Sex Determination and Differentiation in Teleost: Roles of Genetics, Environment, and Brain

Abstract

The fish reproductive system is a complex biological system. Nonetheless, reproductive organ development is conserved, which starts with sex determination and then sex differentiation. The sex of a teleost is determined and differentiated from bipotential primordium by genetics, environmental factors, or both. These two processes are species-specific. There are several prominent genes and environmental factors involved during sex determination and differentiation. At the cellular level, most of the sex-determining genes suppress the female pathway. For environmental factors, there are temperature, density, hypoxia, pH, and social interaction. Once the sexual fate is determined, sex differentiation takes over the gonadal developmental process. Environmental factors involve activation and suppression of various male and female pathways depending on the sexual fate. Alongside these factors, the role of the brain during sex determination and differentiation remains elusive. Nonetheless, GnRH III knockout has promoted a male sex-biased population, which shows brain involvement during sex determination. During sex differentiation, LH and FSH might not affect the gonadal differentiation, but are required for regulating sex differentiation. This review discusses the role of prominent genes, environmental factors, and the brain in sex determination and differentiation across a few teleost species.
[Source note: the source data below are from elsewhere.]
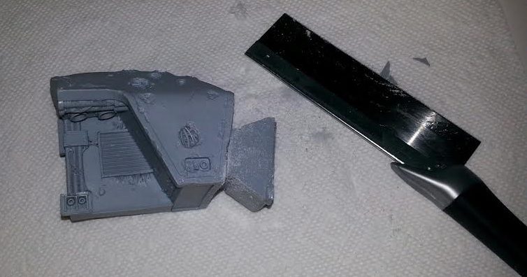 Greg: The other difference with resin compared to plastic (and especially metal) is that it is brittle as hell. You can probably see the ugly seam line on the top carapace of my Titan here, which is from jamming the thing on a little too hard, and snapping the side off. Resin isn't soft - it's harder than plastic, which is part of why it holds detail so sharply - but when it does give out, there's very little flex, and it just explodes. So, uh, be careful.
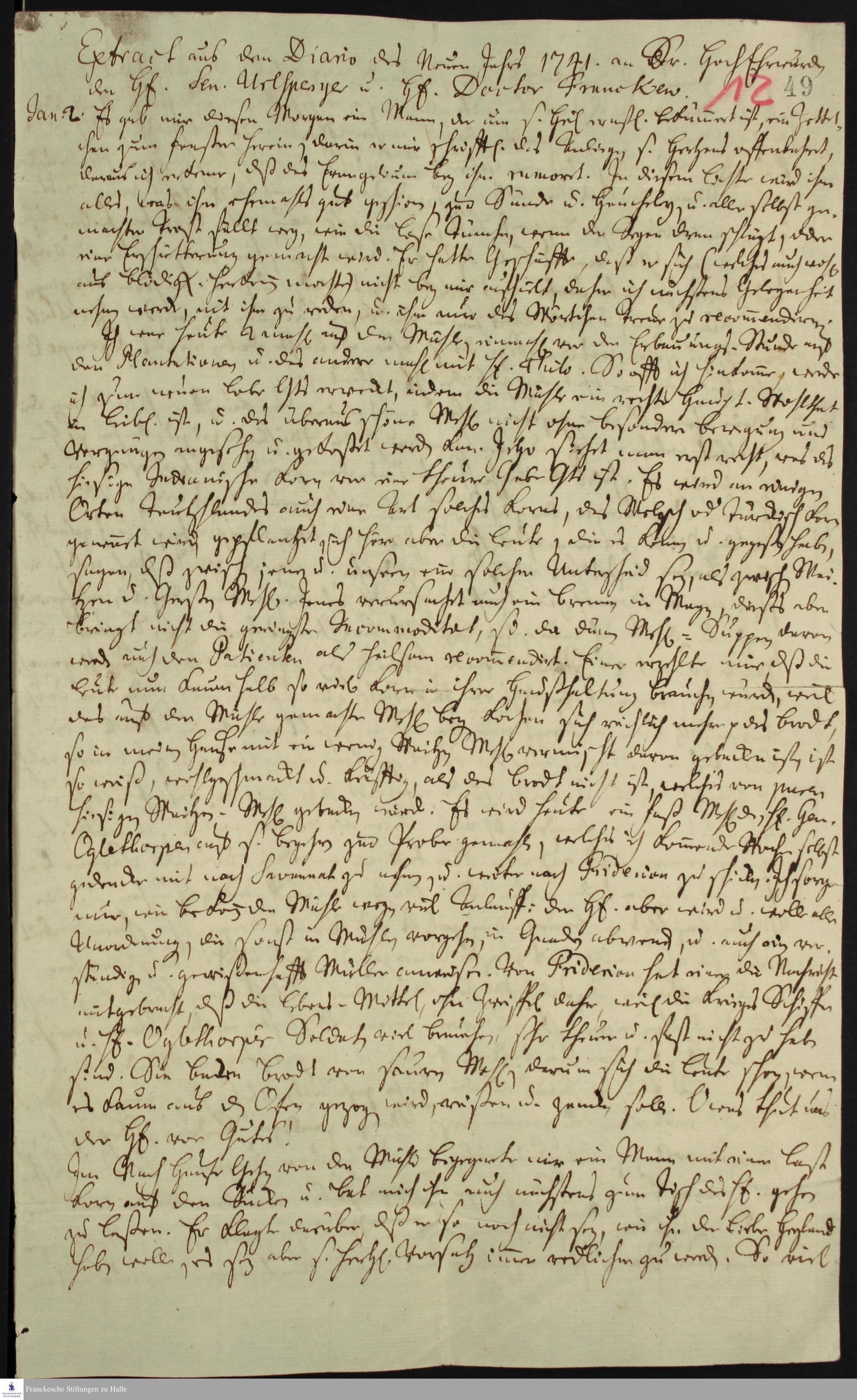 Auszug aus dem Tagebuch von Johann Martin Boltzius.
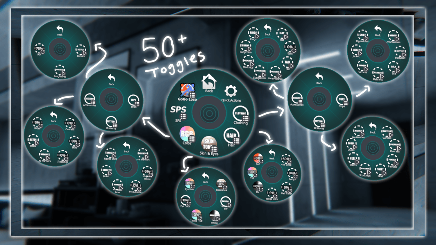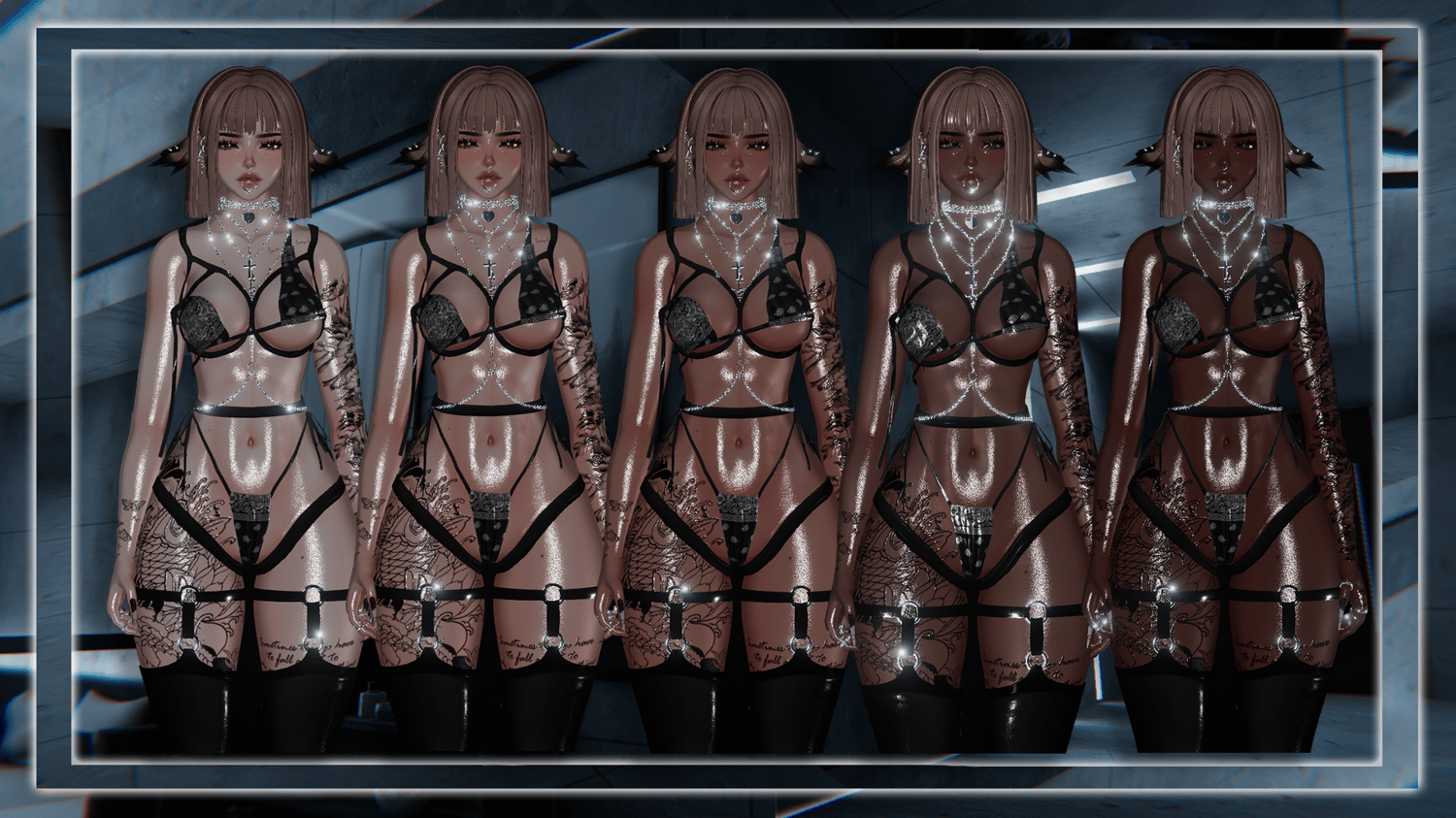 - Ears, Tail, Glasses, Piercings, Hat, Necklace, Body chain.
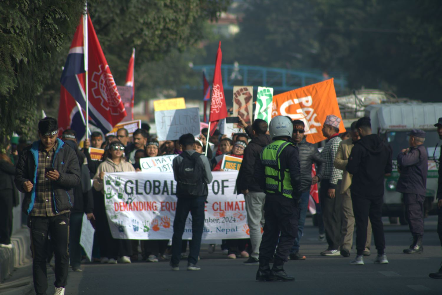 काठमाडौं- नेपालमा सक्रिय जलवायु अभियन्ताहरू सडकमा उत्रिएका छन्। नागरिक समाज,पिछडिएको वर्ग,अपांगता भएका व्यक्ति, साना किसान, आदिवासी समूह र स्थानीय समुदायहरूको ठूलो संख्याले शनिबार सडकमा प्रदर्शन गरेको हो।
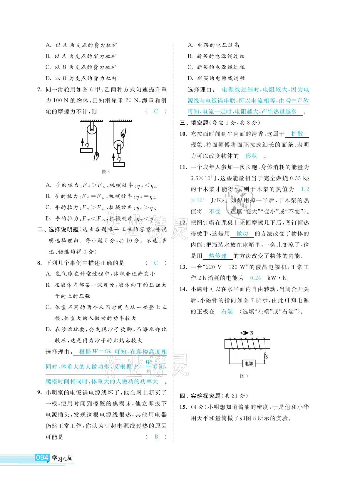 注:目前有些书本章节名称可能整理的还不是很完善,但都是按照顺序排列的,请同学们按照顺序仔细查找。练习册 2021年学习之友九年级物理下册沪科版 答案主要是用来给同学们做完题方便对答案用的,请勿直接抄袭。
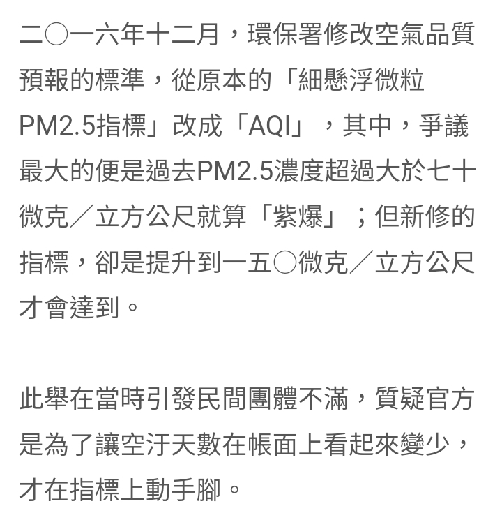 推 seou : 不過在2016之後中央更改空汙標準 現在很難紫爆了 改 10/18 09:01

Keywords: bipotential gonad; brain; sex determination; sex differentiation.

Figure 1

Basic pathway of gonadal development from bipotential gonadal primordium to become a testis or an ovary.

Figure 2

The schematic diagram of the uncertain pathway in the gonadal sex determination and sexual differentiation of the brain. (A) The role of the brain during sex determination remains elusive. There is only one study in zebrafish that shows that GnRH III knockout has resulted in a male sex-biased population. To date, there is no evidence showing LH and FSH directly regulate the expression of sex-determining genes (amhr2, amhy, dmrt1, dmy, gdf6Y, gsdf, and sdY). (B) The role of testosterone (T) and oestrogen involved in masculinisation and feminisation in a fish, respectively. Nonetheless, whether the gonads initially differentiated into testes or ovaries followed by sexual differentiation of the brain, or vice versa, is unknown.

Figure 3

Schematic representation of sex determination/differentiation in teleost. Undifferentiated germ cells need the surrounding somatic cells to provide an instructive signal(s) to initiate sexual differentiation. Therefore, the first step of oogenesis and spermatogenesis is managed by somatic cells [93]. From fish to mammals, Amh signalling plays an important role in gonadal development [13]. In Japanese medaka, gsdf null mutants and amhr2 mutants show excessive growth of germ cells and oocyte arrest during the previtellogenic stage [94]. In zebrafish, gsdf and amh are essential to inhibit the accumulation of premature oocytes [95]. This suggests the expression of gsdf and amh/amhr2 have to be stable during the sex differentiation phase of gonadal development. Reduced gsdf or amh through the amhr2 can directly or indirectly result in protandry [53,97,98]. Ovotestis development is the result of differentially expressed gsdf gene and in amhr2 mutants. Therefore, gsdf and amh signalling is vital for gametogenesis, the production of sex steroids and the secretion of gonadotropins [94].